In the U.S., where there are fewer guarantees, teams in established leagues have moved much quicker toward reaping the financial benefits of higher prices.
“I also think some of the league structures are a big piece of that,” Glick says. “In the U.S., sports leagues are closed leagues; there’s not promotion and relegation, there’s revenue sharing, there’s a lot of collaboration, and there’s a real expectation league-wide that every team needs to pull their weight and really fill stadiums and drive revenues. Versus in Europe, every team is singularly focused on their own stadium, their own venue” — and their relations with members.
MLS clubs, in a way, exist between the two extremes — in a country where high prices have become the norm, and with ticket sales integral to balanced budgets, but in a relatively young league with a need to build a loyal fan base. Glick, Ayre and others around the league speak about offering a variety of experiences at a variety of price points. Glick compares it with the airline industry, where you can pay for a cheap seat with no amenities or for a front-row seat and hospitality. A working-class family buys the former, a CEO buys the latter, and hardly anyone complains. “In a free market,” Ayre says, “the way MLS does its ticketing is very good.”
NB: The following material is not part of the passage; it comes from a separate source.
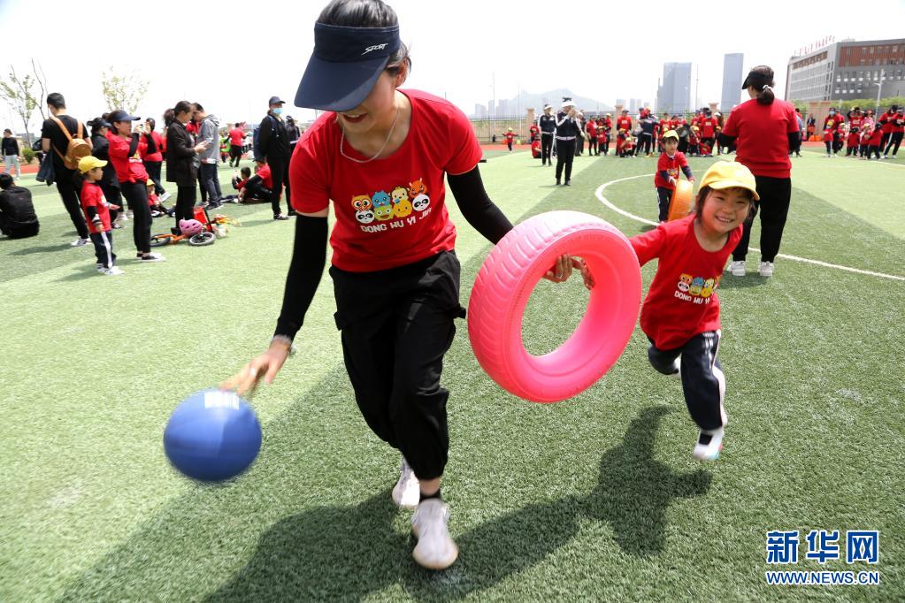 5月9日,在江蘇連云港一所幼兒園的母親節(jié)親子活動中,一名小朋友和母親一起參加比賽。

Its prices, overall, are far lower than the NFL’s or NBA’s, but they are dynamic. An Athletic analysis in late September pegged the price range for an average regular-season MLS game, excluding premium seating, at $48-$199 — whereas the average range in the Premier League, whose popularity dwarfs MLS, was roughly $55-$90.
Because in the end, MLS is an American league. “This,” as Ayre says, “is the land of opportunity. Things like dynamic pricing and other elements are more accepted here across all sports and other things like concerts.” It’s a land where Taylor Swift and other artists can charge hundreds of dollars per ticket on tour. It’s a land that every prominent soccer entity, from the Premier League to CONMEBOL, tries to exploit.
And now, “FIFA is anchoring to some of those markets,” Owens, the Groundwork Collaborative director, explains.
With $700 group-stage tickets and four-figure prices in the 2026 World Cup knockout rounds, “FIFA is making calculations that Americans have gotten used to this, and we are comfortable with rationing scarce resources based on ability to pay,” Owens adds.
And thus far — after 2 million tickets quickly sold in October and November, and after FIFA said it received 20 million applications for tickets over the first five days of the latest sales phase, even at the “extortionate” prices — one conclusion seems clear.
“Their calculation, that they could charge a lot for seats,” Owens says, “was in fact correct.”